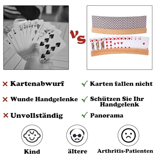 2 Pezzi Reggi Carte da Gioco, Mani Libere Base in Legno, Lunghezza 33 cm, Reggi Carte Idoneità Anziani, Bambini, Disabili
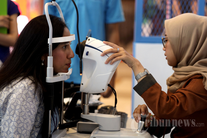 KAMPANYE MATA SEHAT - Pengunjung diperiksa matanya disela-sela konferensi pers INSTO Dry Eyes meluncurkan kampanye 'Bebas Mata SePeLe' di Jakarta (7/11/2025). INSTO, merek tetes mata dari Combiphar, melalui produk INSTO Dry Eyes meluncurkan kampanye 'Bebas Mata SePeLe' untuk meningkatkan kesadaran masyarakat tentang mata SEpet, PErih, LElah (SePeLe) yang merupakan gejala mata kering. Kampanye ini, bertujuan untuk meningkatkan kesadaran masyarakat sekaligus menghadirkan solusi yang sesuai kebutuhan, agar masyarakat Indonesia dapat menjaga kesehatan mata dan tetap produktif. TRIBUNNEWS/IRWAN RISMAWAN
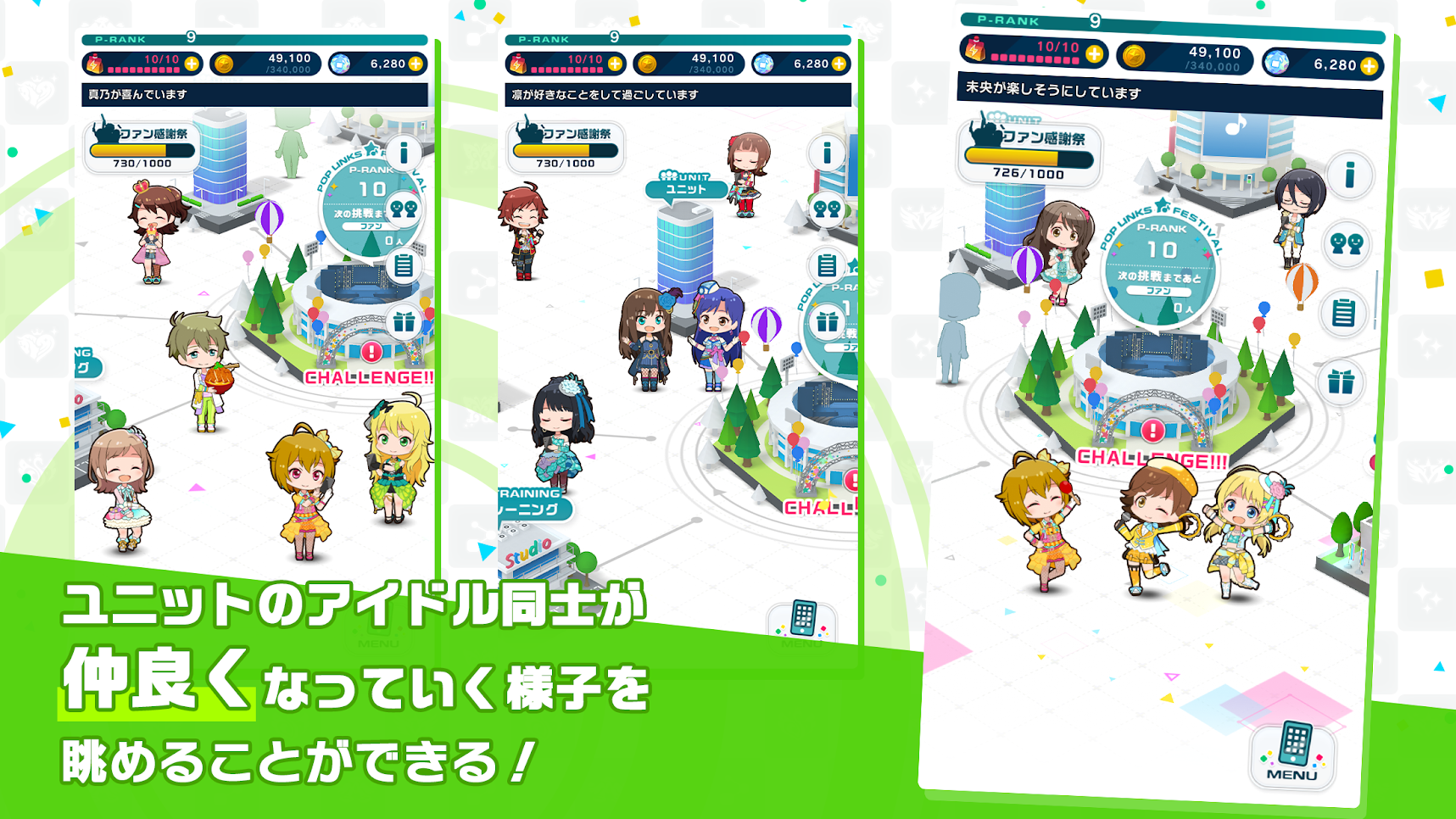 偶像大師》系列的偶像們同台表演。遊戲故事描述,偶像大師的偶像們受到事務所的請託,以每三個人組成團體來參加大型演唱會『POPLINKS 祭』,製作人將在這場大型演唱會以頂點為目標,為原創團體進行培育。
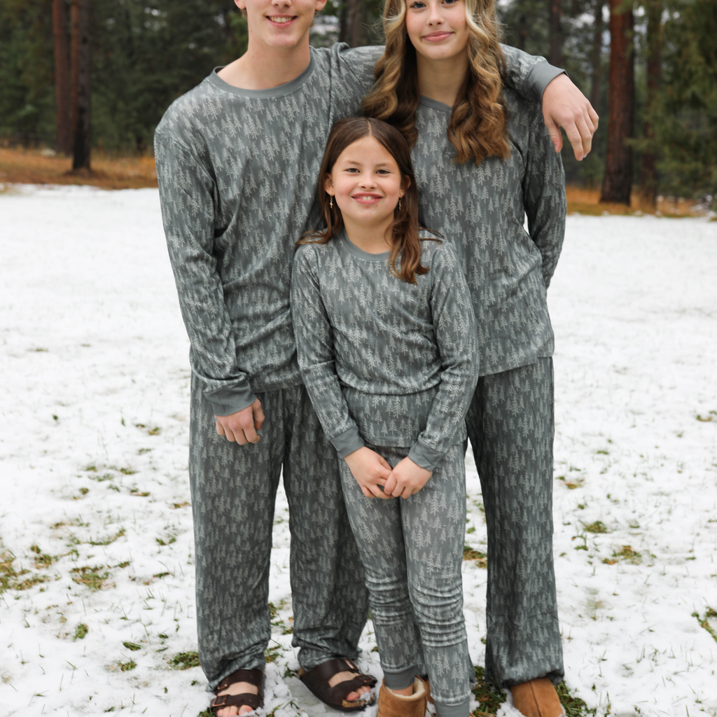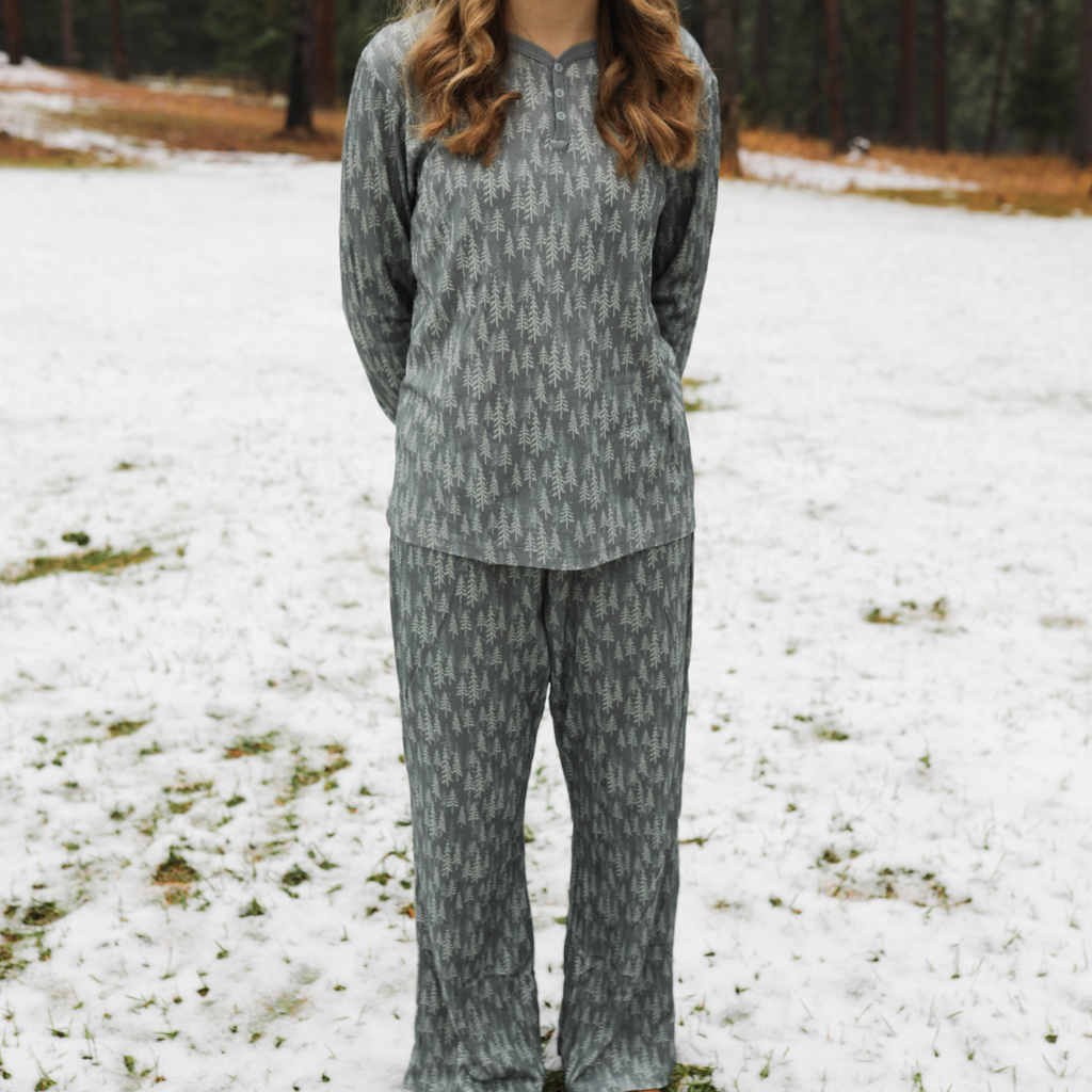 Escape to the forest every night in our Ladies Pine Trees Pajama Set. Crafted from 30% organic cotton and 70% bamboo, these pajamas offer the best of both worlds: bamboo's incredible moisture-wicking and temperature-regulating properties keep you comfortable through the night, while organic cotton ensures softness and durability. Slip into comfort and let the forest lull you to sleep.
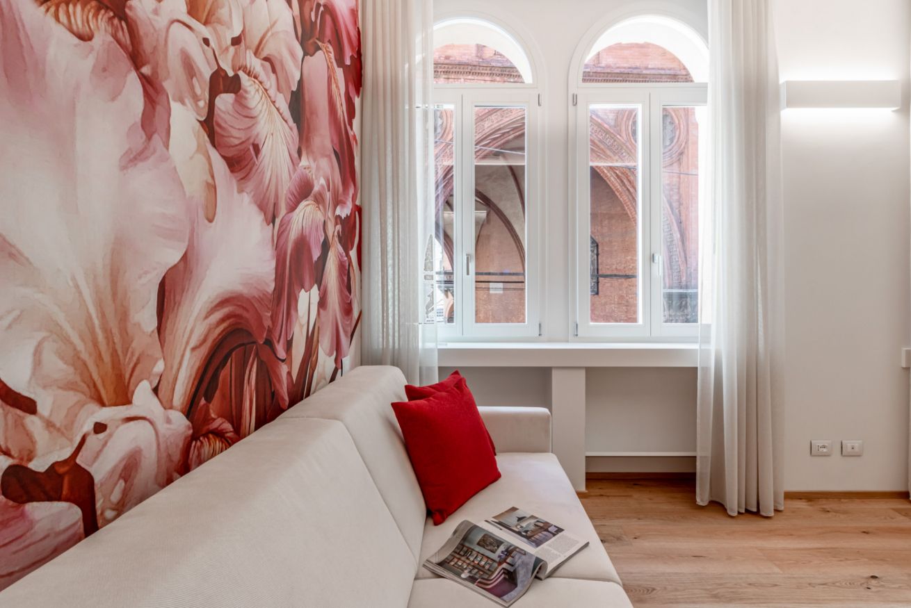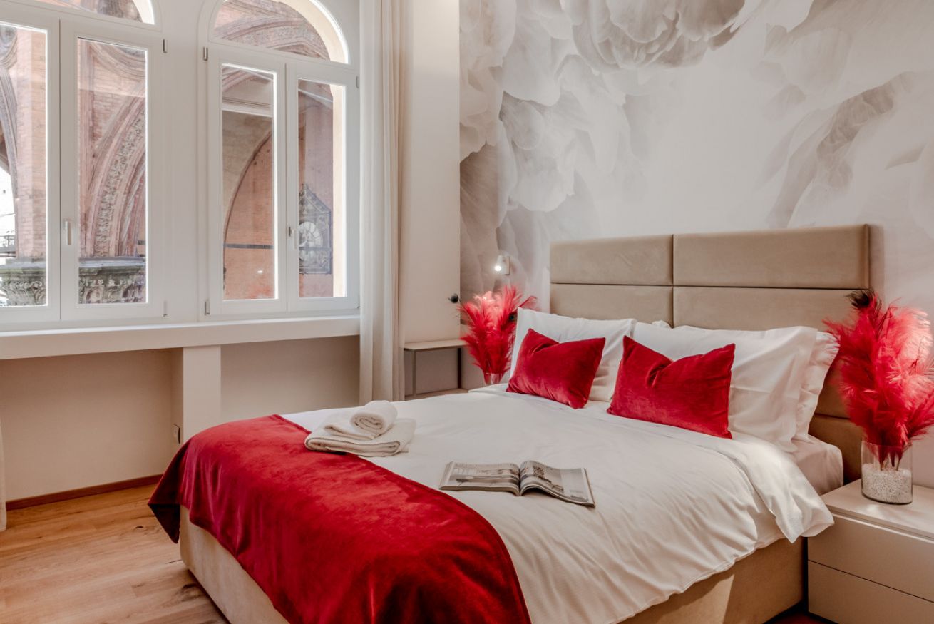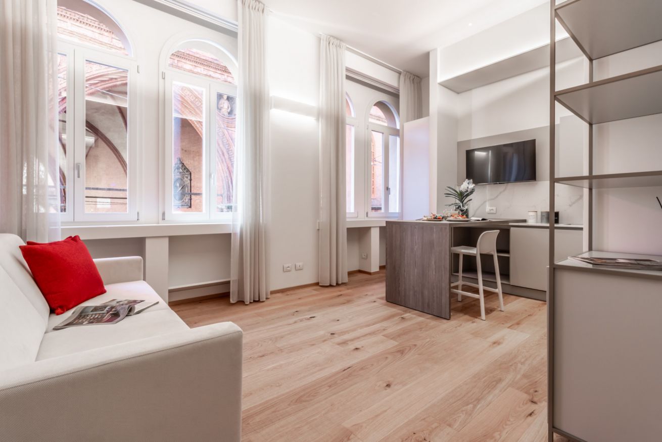 Moderno e sofisticato appartamento dotato di tutti i comfort situato in pieno centro a Bologna.

......

### Exercise requirements
Every line above gets copied exactly; none of the pictures do.

### Answer space
 2 Pezzi Reggi Carte da Gioco, Mani Libere Base in Legno, Lunghezza 33 cm, Reggi Carte Idoneità Anziani, Bambini, Disabili
 KAMPANYE MATA SEHAT - Pengunjung diperiksa matanya disela-sela konferensi pers INSTO Dry Eyes meluncurkan kampanye 'Bebas Mata SePeLe' di Jakarta (7/11/2025). INSTO, merek tetes mata dari Combiphar, melalui produk INSTO Dry Eyes meluncurkan kampanye 'Bebas Mata SePeLe' untuk meningkatkan kesadaran masyarakat tentang mata SEpet, PErih, LElah (SePeLe) yang merupakan gejala mata kering. Kampanye ini, bertujuan untuk meningkatkan kesadaran masyarakat sekaligus menghadirkan solusi yang sesuai kebutuhan, agar masyarakat Indonesia dapat menjaga kesehatan mata dan tetap produktif. TRIBUNNEWS/IRWAN RISMAWAN
 偶像大師》系列的偶像們同台表演。遊戲故事描述,偶像大師的偶像們受到事務所的請託,以每三個人組成團體來參加大型演唱會『POPLINKS 祭』,製作人將在這場大型演唱會以頂點為目標,為原創團體進行培育。
 Escape to the forest every night in our Ladies Pine Trees Pajama Set. Crafted from 30% organic cotton and 70% bamboo, these pajamas offer the best of both worlds: bamboo's incredible moisture-wicking and temperature-regulating properties keep you comfortable through the night, while organic cotton ensures softness and durability. Slip into comfort and let the forest lull you to sleep.
 Moderno e sofisticato appartamento dotato di tutti i comfort situato in pieno centro a Bologna.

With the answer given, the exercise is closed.